EXERCISE PROMPT: Output the entries below unchanged, except for the pictures.

DATA SHOWN:
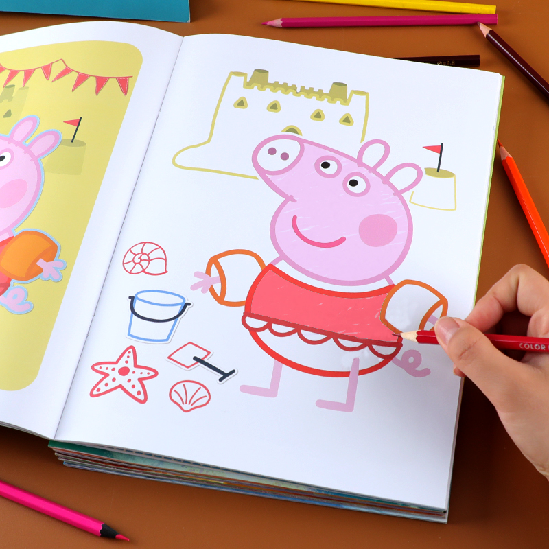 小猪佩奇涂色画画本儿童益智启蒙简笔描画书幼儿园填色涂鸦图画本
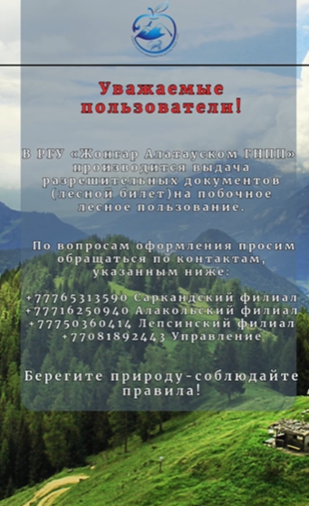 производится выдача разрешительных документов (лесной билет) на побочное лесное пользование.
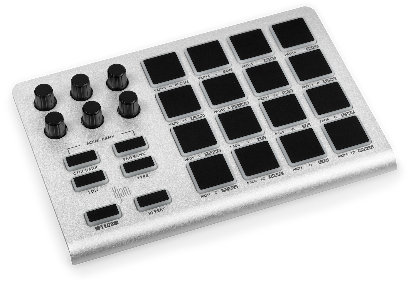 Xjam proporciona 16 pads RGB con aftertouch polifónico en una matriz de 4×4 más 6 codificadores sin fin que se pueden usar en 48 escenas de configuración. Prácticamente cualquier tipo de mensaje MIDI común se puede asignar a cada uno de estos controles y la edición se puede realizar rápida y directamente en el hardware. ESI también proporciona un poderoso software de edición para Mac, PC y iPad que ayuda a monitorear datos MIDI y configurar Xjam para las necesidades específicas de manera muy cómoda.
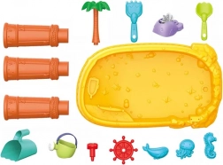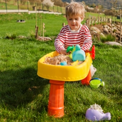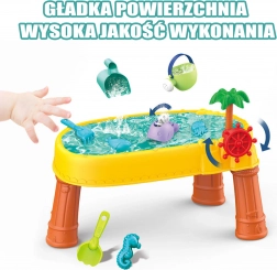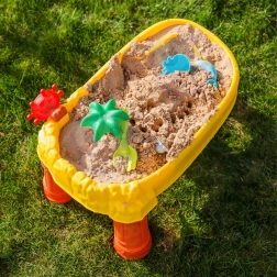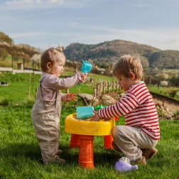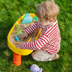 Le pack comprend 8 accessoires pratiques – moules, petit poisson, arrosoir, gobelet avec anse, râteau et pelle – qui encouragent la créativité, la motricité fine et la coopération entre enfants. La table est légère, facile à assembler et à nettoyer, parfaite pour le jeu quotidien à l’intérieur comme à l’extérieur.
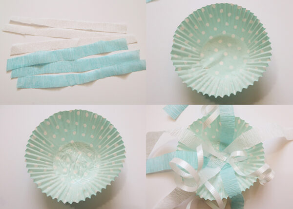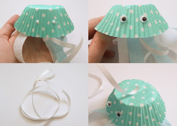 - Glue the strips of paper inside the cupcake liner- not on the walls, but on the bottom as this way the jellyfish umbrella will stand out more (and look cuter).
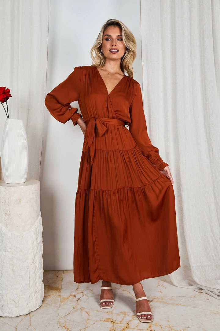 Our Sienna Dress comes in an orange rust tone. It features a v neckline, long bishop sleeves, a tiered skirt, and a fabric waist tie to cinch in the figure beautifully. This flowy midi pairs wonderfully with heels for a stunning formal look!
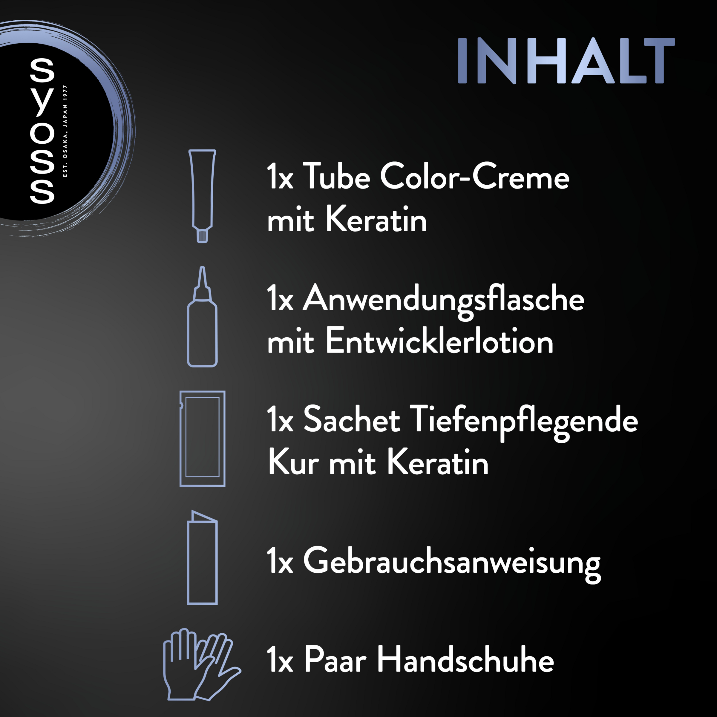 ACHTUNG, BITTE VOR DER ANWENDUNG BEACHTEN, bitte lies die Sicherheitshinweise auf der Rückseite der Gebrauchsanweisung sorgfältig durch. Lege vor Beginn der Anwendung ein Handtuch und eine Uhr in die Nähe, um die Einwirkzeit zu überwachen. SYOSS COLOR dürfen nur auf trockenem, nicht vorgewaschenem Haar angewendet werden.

TASK RESULT:
 小猪佩奇涂色画画本儿童益智启蒙简笔描画书幼儿园填色涂鸦图画本
 производится выдача разрешительных документов (лесной билет) на побочное лесное пользование.
 Xjam proporciona 16 pads RGB con aftertouch polifónico en una matriz de 4×4 más 6 codificadores sin fin que se pueden usar en 48 escenas de configuración. Prácticamente cualquier tipo de mensaje MIDI común se puede asignar a cada uno de estos controles y la edición se puede realizar rápida y directamente en el hardware. ESI también proporciona un poderoso software de edición para Mac, PC y iPad que ayuda a monitorear datos MIDI y configurar Xjam para las necesidades específicas de manera muy cómoda.
 Le pack comprend 8 accessoires pratiques – moules, petit poisson, arrosoir, gobelet avec anse, râteau et pelle – qui encouragent la créativité, la motricité fine et la coopération entre enfants. La table est légère, facile à assembler et à nettoyer, parfaite pour le jeu quotidien à l’intérieur comme à l’extérieur.
 - Glue the strips of paper inside the cupcake liner- not on the walls, but on the bottom as this way the jellyfish umbrella will stand out more (and look cuter).
 Our Sienna Dress comes in an orange rust tone. It features a v neckline, long bishop sleeves, a tiered skirt, and a fabric waist tie to cinch in the figure beautifully. This flowy midi pairs wonderfully with heels for a stunning formal look!
 ACHTUNG, BITTE VOR DER ANWENDUNG BEACHTEN, bitte lies die Sicherheitshinweise auf der Rückseite der Gebrauchsanweisung sorgfältig durch. Lege vor Beginn der Anwendung ein Handtuch und eine Uhr in die Nähe, um die Einwirkzeit zu überwachen. SYOSS COLOR dürfen nur auf trockenem, nicht vorgewaschenem Haar angewendet werden.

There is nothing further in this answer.